— Exercise directions —
Once the images are set aside, print the remaining lines below exactly.

(Data shown begins)

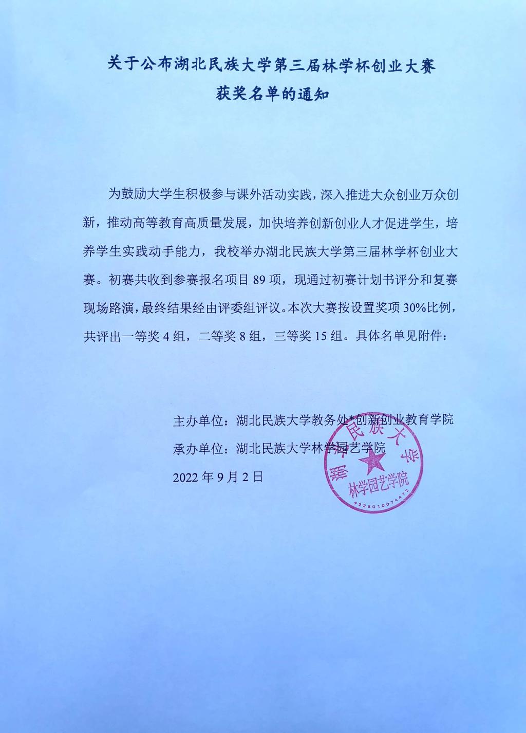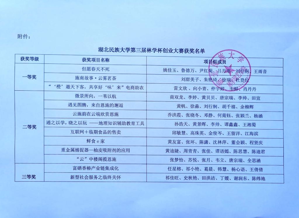 关于公布bat365在线中国登录入口第三届林学杯创业大赛获奖名单的通知
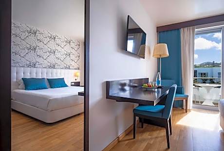 Featuring a private balcony and bathroom, this spacious room has brightly colored furnishings and bedding. It features a flat-screen TV, wooden floors and a seating area.
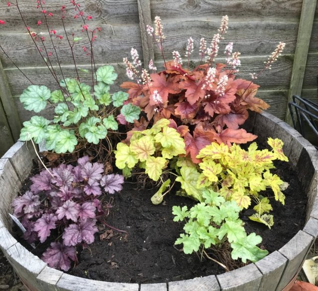 На фото справа налево в первом ряду сорта гейхереллы: Solar Eclipse, Tapestry, Can Can. Во втором ряду: Mojito, Quicksilver, Golden Zebra
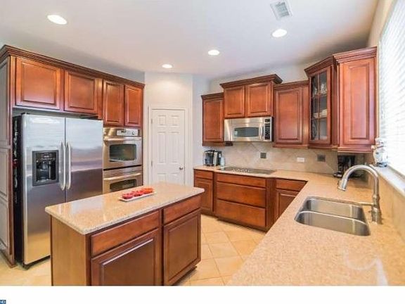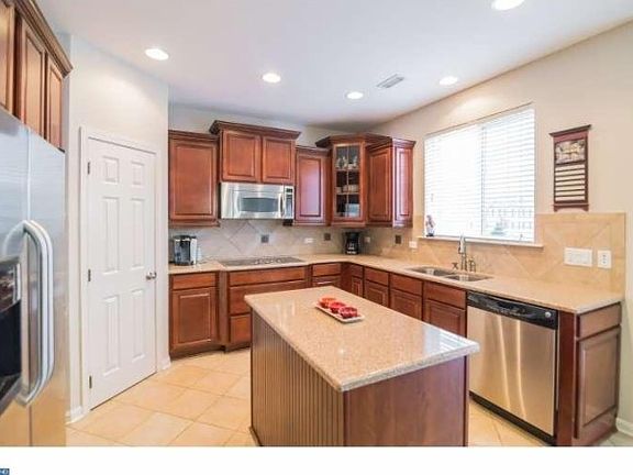 Loaded with upgrades, this attractive Angelina model with stacked stone front and slate porch landing is a pleasure to show. Great entertaining floor plan as the living room with fireplace, eating area and kitchen are all one large open space. The gourmet kitchen boasts stainless appliances, tasteful tile backsplash, double wall ovens, tall kitchen cabinets, practical center island and a large pantry. Natural light fills the breakfast room which has a sliding glass door to the 15'X14' Trex deck complete with solar lighting. The master suite features a bathroom with distinctive tile shower, water closet, soaking tub, attractive fixtures and a large walk-in closet. The finished basement with recessed lighting could be used as a family room or guest room, and since this finished basement space is plumbed for another bathroom and has a separate entrance, it could easily be converted to an in-law suite or secluded home office. Special features include 2X6 construction, 9' ceilings in basement and first floor, oak stairway to the 2nd floor, unfinished basement storage areas, attractive tile gracing the foyer and hallway to the living room and a practical 2nd floor laundry room. Pennland Farms is close to Routes 611 and 313, Peace Valley Park and all the fascinating shopping and eateries which make Doylestown popular.

(Data shown ends)

— Exercise answer —
 关于公布bat365在线中国登录入口第三届林学杯创业大赛获奖名单的通知
 Featuring a private balcony and bathroom, this spacious room has brightly colored furnishings and bedding. It features a flat-screen TV, wooden floors and a seating area.
 На фото справа налево в первом ряду сорта гейхереллы: Solar Eclipse, Tapestry, Can Can. Во втором ряду: Mojito, Quicksilver, Golden Zebra
 Loaded with upgrades, this attractive Angelina model with stacked stone front and slate porch landing is a pleasure to show. Great entertaining floor plan as the living room with fireplace, eating area and kitchen are all one large open space. The gourmet kitchen boasts stainless appliances, tasteful tile backsplash, double wall ovens, tall kitchen cabinets, practical center island and a large pantry. Natural light fills the breakfast room which has a sliding glass door to the 15'X14' Trex deck complete with solar lighting. The master suite features a bathroom with distinctive tile shower, water closet, soaking tub, attractive fixtures and a large walk-in closet. The finished basement with recessed lighting could be used as a family room or guest room, and since this finished basement space is plumbed for another bathroom and has a separate entrance, it could easily be converted to an in-law suite or secluded home office. Special features include 2X6 construction, 9' ceilings in basement and first floor, oak stairway to the 2nd floor, unfinished basement storage areas, attractive tile gracing the foyer and hallway to the living room and a practical 2nd floor laundry room. Pennland Farms is close to Routes 611 and 313, Peace Valley Park and all the fascinating shopping and eateries which make Doylestown popular.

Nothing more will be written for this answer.